Sky Conditions

In [1]:
import boto3
import json
import os
import pandas as pd
import numpy as np
import time
import datetime
import statistics
import pytz
import io
from pytz import timezone
from IPython.display import display, HTML
from matplotlib import pyplot as plt

%matplotlib inline
%config InlineBackend.figure_format = 'retina'
In [2]:
iota = boto3.client('iotanalytics')
dataset = "telescope_frequent"
dataset_url = iota.get_dataset_content(datasetName = dataset,versionId = "$LATEST")['entries'][0]['dataURI']
df = pd.read_csv(dataset_url,low_memory=False)

df['datetime']=pd.DatetimeIndex(pd.to_datetime(df["received"]/1000, unit='s')) \
    .tz_localize('UTC') \
    .tz_convert('US/Pacific')
df.index = df['datetime']
In [3]:
response = iota.describe_dataset(datasetName = dataset)
sql = response["dataset"]["actions"][0]["queryAction"]["sqlQuery"]
display(HTML('<h2 style="font-size:24px">'+sql+"</h2>"))

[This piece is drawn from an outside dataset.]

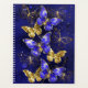 Composição de borboletas luxuosas de safira e joias de ouro em fundo azul texturizado.
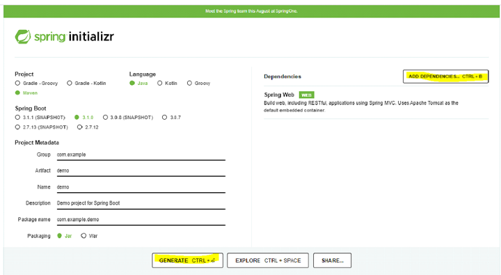 步驟 2 - 我們將藉助 Spring Initializr 建立一個 Spring Boot 專案。要開始建立 Spring Boot 專案,請點選連結。確保透過輸入相關資料準確填寫所有欄位。最後,按下下方標記為“GENERATE”的按鈕。結果,將下載一個包含 Spring Boot 專案的壓縮 zip 檔案。在您的系統上解壓縮下載的檔案中的資料夾。

select * from telescope_data where __dt >= current_date - interval '1' day

In [4]:
df_tempg = df[(df['full_topic'].str.contains('infrared/temperature'))]
df_tempg = df_tempg['ambient']
df_tempg.name='ground_temperature'

df_temps = df[(df['full_topic'].str.contains('infrared/temperature'))]
df_temps = df_temps['object']
df_temps.name='sky_temperature'

df_light = df[(df['full_topic'].str.contains('/photoresistor'))]
df_light = df_light['illumination']

df_delta = df_tempg - df_temps
df_delta.name = 'delta_temperature'
In [5]:
df_tempg.plot(style=['-hg'],figsize=(20,8),linewidth=2,grid=True,kind='line',secondary_y=False)
df_temps.plot(style=['--c'],figsize=(20,8),linewidth=2,grid=True,kind='line',secondary_y=False)
df_light.plot(style=['-y*'],figsize=(20,8),linewidth=2,grid=True,kind='line',secondary_y=False)
df_delta.plot(style=['-*b'],figsize=(20,8),linewidth=2,grid=True,kind='line',secondary_y=False)

plt.legend()

# -- Save the resulting plot to disk and then upload to S3

image_data = io.BytesIO()
plt.savefig(image_data, format='png')
image_data.seek(0)

s3 = boto3.resource('s3')
bucket = s3.Bucket('rtjm-dashboard-bucket')
bucket.put_object(Body=image_data, ContentType='image/png', Key='sky-conditions.png')
Out[5]:
s3.Object(bucket_name='rtjm-dashboard-bucket', key='sky-conditions.png')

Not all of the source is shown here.